DATA SEGMENT:

════════

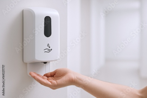 Hand Sanitizer Dispenser on Wall with Hand Receiving Soap for Hygiene Promotion
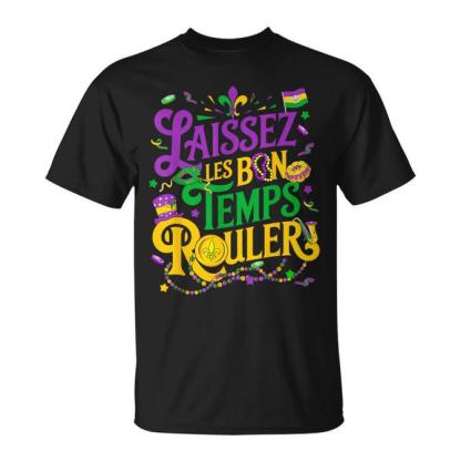 Laissez Les Bon Temps Rouler Mardi Gras Beads Fleur De Lis T-Shirt
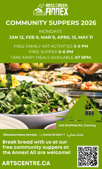 Join for family art activities at 3pm in the downstairs community room, followed by a delicious supper in the main hall from 5-6. This event is by donation - come as you are, all are welcome!

════════

Give back the full data exactly as it reads, but drop the pictures.

TASK ANSWER:
 Hand Sanitizer Dispenser on Wall with Hand Receiving Soap for Hygiene Promotion
 Laissez Les Bon Temps Rouler Mardi Gras Beads Fleur De Lis T-Shirt
 Join for family art activities at 3pm in the downstairs community room, followed by a delicious supper in the main hall from 5-6. This event is by donation - come as you are, all are welcome!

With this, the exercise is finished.